How to audit Vault paths

I’m not specifically talking about the “audit log” feature of Vault, but what this old Vault mailing list post describes: https://groups.google.com/g/vault-tool/c/rcAASNfVja0

Did anything like this get added to Vault as a feature, either in F/OSS or Enterprise versions? I have a client that is requesting the ability to determine “who” (machine or user) can access a given path. Something like: “Given path X, users b, c, d, and e have update access, users b, c have create access, users b, c, d, e, and g have read access”, etc.

Thanks! :slight_smile:

Nothing like that has been added, because there is no “explicite link” between a “user” and a “policy” - it all depends what auth method is used, and even with that, what attributes get extracted.

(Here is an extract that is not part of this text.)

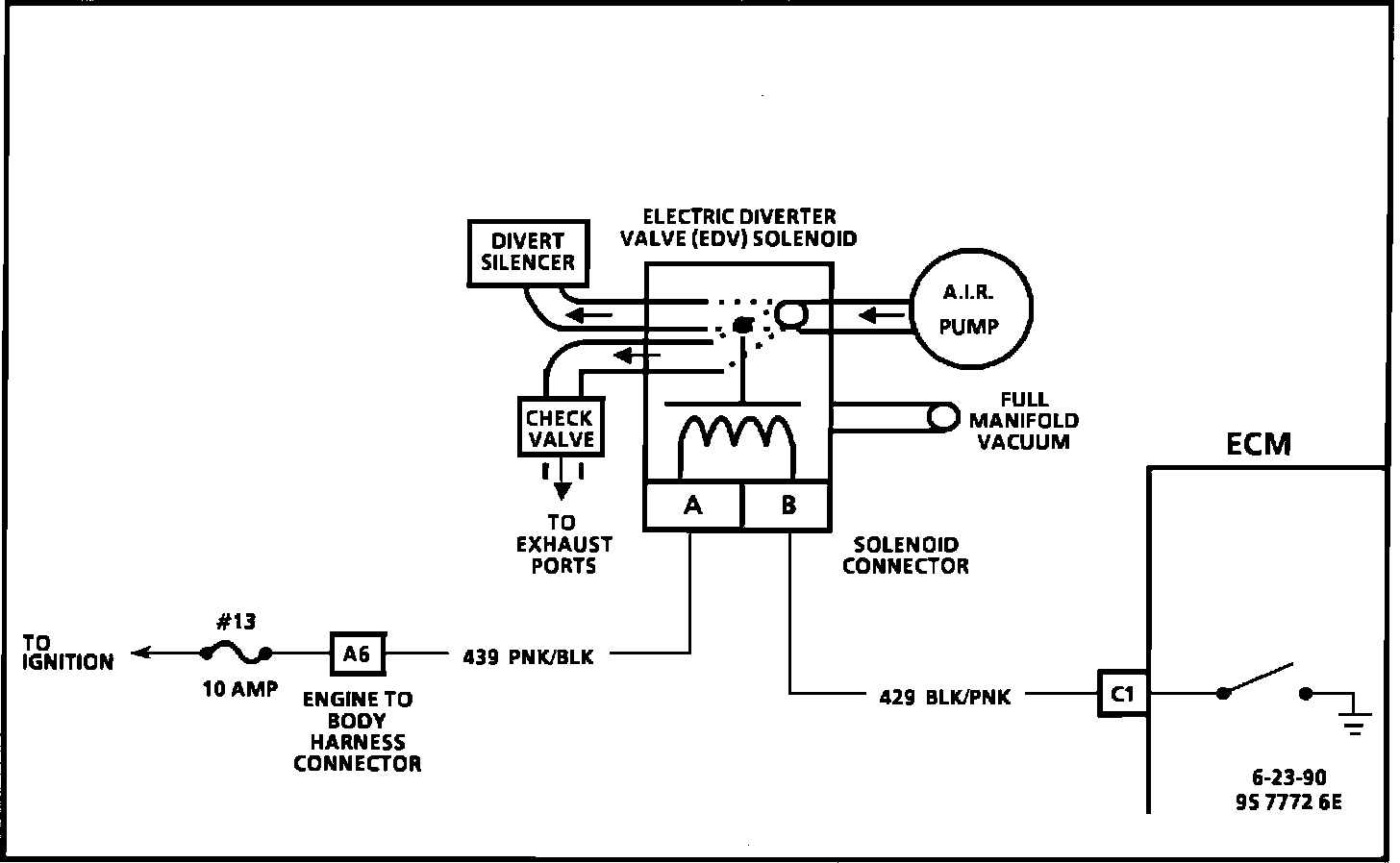 An electric air control valve solenoid directs air into the exhaust ports, or to atmosphere. Air is directed into the exhaust ports whenever the engine is started and the coolant temperature is above 20°C (68°F) and below 55°C (131°F) and the system is in "open loop" and engine speed is below 1900 rpm. When the vehicle is started and the coolant temperature is below about 20°C (68°F), the air will be diverted to the atmosphere for the entire key cycle.

Depending on how your auth engines are set up, this could be simple ( eg: userpass ) or very complicated ( JWT with Attributes and multiple policy templates ).

As an example - Userpass with groups:

  • User x, belongs to group A
  • All users have policy U
  • group A has policy G
  • policy A + policy G has access to the following.

As a more complex example from one of mine, we use JWT Auth for gitlab pipelines - as well as LDAP for users. From LDAP, users have full access to /my-secrets/[usename]/*. GitLab pipelines authenticate using JWT’s ( they are a “user” ). Using information from the JWT, the runners have read access to :

gitlab-secrets/[project-id]/*
my-secrets/[username]/*

As well as post access to auth/approle/[namespace-id]/secret-id to generate secret-id’s

So it becomes unique to your customers environment.